> Extracted records
........
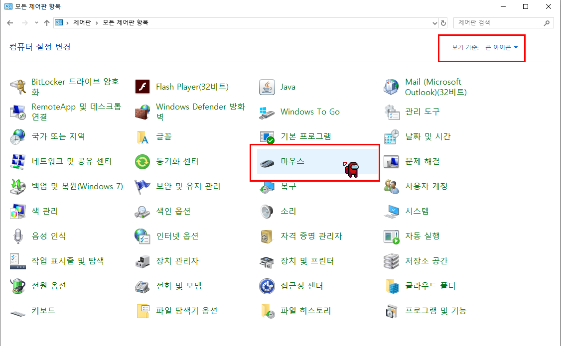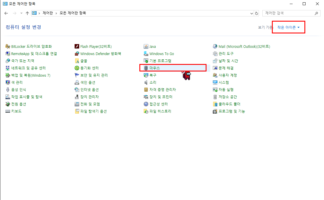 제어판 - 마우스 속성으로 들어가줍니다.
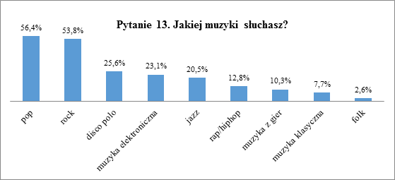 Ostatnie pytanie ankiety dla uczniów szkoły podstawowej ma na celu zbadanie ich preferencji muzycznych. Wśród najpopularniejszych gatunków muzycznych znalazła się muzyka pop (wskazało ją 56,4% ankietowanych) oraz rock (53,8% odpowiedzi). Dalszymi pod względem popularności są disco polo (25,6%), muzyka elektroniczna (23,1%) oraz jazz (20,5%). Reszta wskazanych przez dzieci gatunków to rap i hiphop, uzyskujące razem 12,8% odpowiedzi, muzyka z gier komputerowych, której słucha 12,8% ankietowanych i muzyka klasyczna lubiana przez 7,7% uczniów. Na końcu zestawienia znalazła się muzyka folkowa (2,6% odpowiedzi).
........
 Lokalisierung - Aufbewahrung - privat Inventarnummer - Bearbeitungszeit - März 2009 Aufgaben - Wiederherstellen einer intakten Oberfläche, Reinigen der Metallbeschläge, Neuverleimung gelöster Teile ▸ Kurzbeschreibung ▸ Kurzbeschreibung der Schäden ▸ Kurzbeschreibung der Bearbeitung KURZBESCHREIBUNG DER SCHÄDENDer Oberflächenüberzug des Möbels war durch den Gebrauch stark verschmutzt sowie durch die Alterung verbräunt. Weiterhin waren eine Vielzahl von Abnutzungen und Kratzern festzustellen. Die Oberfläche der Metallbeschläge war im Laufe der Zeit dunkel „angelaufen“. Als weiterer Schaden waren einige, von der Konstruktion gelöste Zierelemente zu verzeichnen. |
........
> The task
For the data above, set down exactly the lines from the line with "제어판 - 마우스 속성으로 들어가줍니다." to the line with "Ostatnie pytanie ankiety", both included, leaving pictures out.

> Task output
 제어판 - 마우스 속성으로 들어가줍니다.
 Ostatnie pytanie ankiety dla uczniów szkoły podstawowej ma na celu zbadanie ich preferencji muzycznych. Wśród najpopularniejszych gatunków muzycznych znalazła się muzyka pop (wskazało ją 56,4% ankietowanych) oraz rock (53,8% odpowiedzi). Dalszymi pod względem popularności są disco polo (25,6%), muzyka elektroniczna (23,1%) oraz jazz (20,5%). Reszta wskazanych przez dzieci gatunków to rap i hiphop, uzyskujące razem 12,8% odpowiedzi, muzyka z gier komputerowych, której słucha 12,8% ankietowanych i muzyka klasyczna lubiana przez 7,7% uczniów. Na końcu zestawienia znalazła się muzyka folkowa (2,6% odpowiedzi).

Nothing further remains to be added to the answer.